Improving mental health care by fighting poverty

September 4, 2018

Historically, Canadians embraced medicare as part of an effort to separate personal wealth from individual health. But, in defending our rights to enter hospitals without risking financial ruin, did we swallow a bitter pill?

Mental-health care continues to stymie health-care providers and policy-makers with relatively few clinical advances and growing numbers of sufferers; especially alarming are the high rates of suicide among Indigenous people. Canada’s Mental Health Commission maintains that the system is sorely underfunded, resulting in annual losses of $50-billion in productivity. Individuals with mental disorders are more likely to live on the margins, compounding conditions of illness and disability, creating a vicious cycle of poverty and mental distress. For a growing contingent of ex-patients, families and clients of the mental-health-care system, the solution is not medical: It is political.
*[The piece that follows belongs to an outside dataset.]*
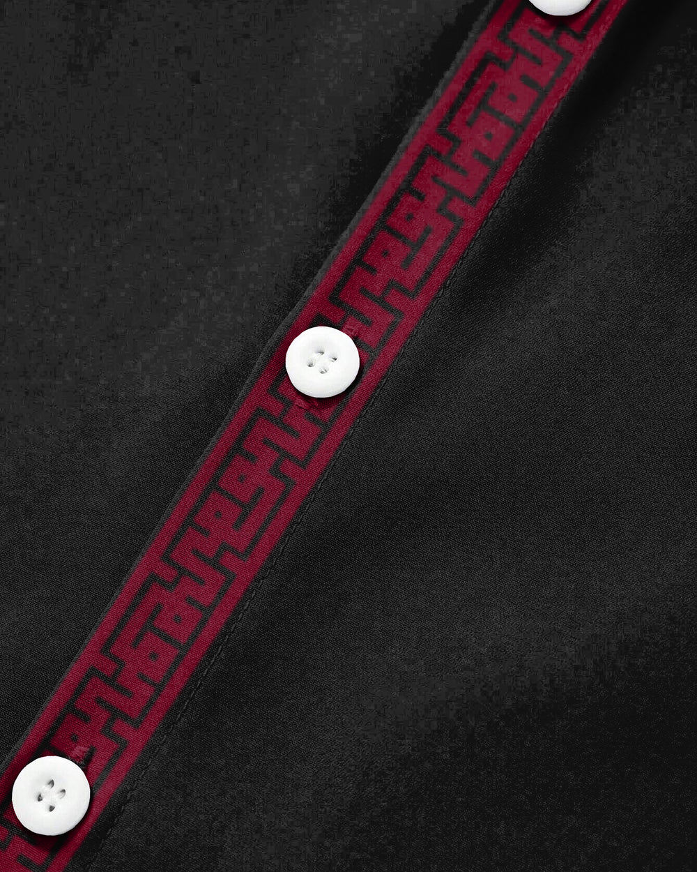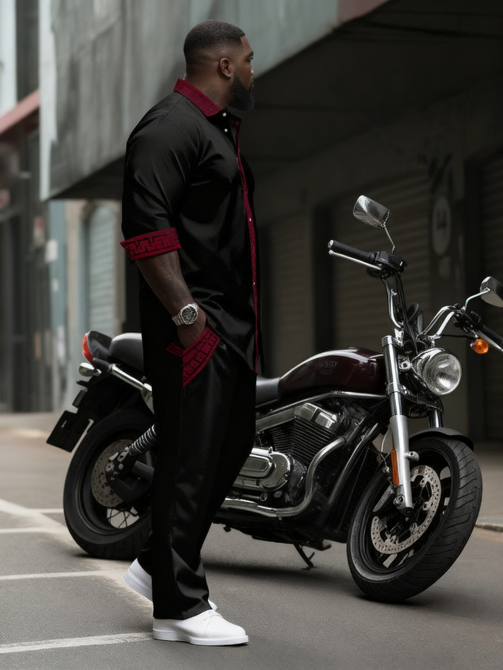 Black style meets red print, your look will have a different appeal. This men's two-piece set is designed in all black. The delicate red pattern on the set makes it more stunning. The fitted cut can modify the body shape. Simple and versatile, it's suitable for various occasions.

We know that smoking is linked to illness, and we have anti-smoking campaigns. We know that poverty aggravates our mental health, but we are not investing in anti-poverty strategies. Why is that?

Since the 19th century, our Western approach to caring for madness relied on segregating patients in separate mental hospitals. We increasingly treated madness as a medical problem, rather than a personal, behavioural or criminal issue. Treating people as medical subjects had its advantages in that people were humanized and viewed with a degree of sympathy. But there were also drawbacks.

By the mid-20th century, mental hospitals across the country downsized dramatically and emptied their residents into our communities. For the most part, we celebrated this move as an overdue recognition that people could live independently or semi-independently with supports provided by a now expansive health, education and welfare system. At the same time, medicare seemed to ensure that Canadians had access to medically necessary services, including mental health care.

But, this shift away from mental hospitals and into doctors’ offices, psychiatric wards or emergency rooms did not coincide with a decline in the numbers of individuals and families seeking assistance. Quite the opposite occurred. Where the standalone mental hospital had ostensibly provided a set of services under one roof, problematic though they may have been, decentralized care in the community involved a complicated matrix of fragmented services. Clinical care, housing and employment needs, along with financial and family support services, required skillful maneuvering through bureaucratic red tape, which was challenging enough for civil servants to navigate, let alone for patients and families. The transition in service delivery was often slow and piecemeal, exposing gaps between programs and needs, creating new levels of health-care professionals and stimulating ex-patient activism.

People seeking attention for mental-health issues were left with few choices but to resort to the hospital as the first port of entry, regardless of whether the underlying concerns stemmed from inadequate housing, employment or emotional support. Ex-patient Jayne Melville Whyte received less in a month from social services in the 1980s than the $1,000 it cost taxpayers for one day of hospitalization. Ms. Whyte has suggested that redirecting patients away from general hospitals established a new set of “hotlines” or crisis-prevention services aimed at addressing clinical care, but what many people needed were “warm lines”: a friend to talk with, an advocate to help fill out a complicated application, a companion to share meals with after relocating to a lonely apartment in a new community. Peer supports and self-help groups are beginning to emerge, but remain sorely lacking and unevenly distributed across the country.

Medicare helped to centralize and destigmatize mental illness in ways that have offered some genuine benefits, but it has also contributed to the growing medicalization of problems that are often more political than medical. Prime Minister Justin Trudeau’s recent promise to provide $70-million to target mental-health care will fund more services and expand the number of professionals, but those dollars will not reach the people who need it most. Until we recognize the value of investing in peer-supports and client-led governance, our investments in mental-health care will continue to exacerbate the problem. Can we boldly admit that investing in anti-poverty strategies is a medically necessary intervention?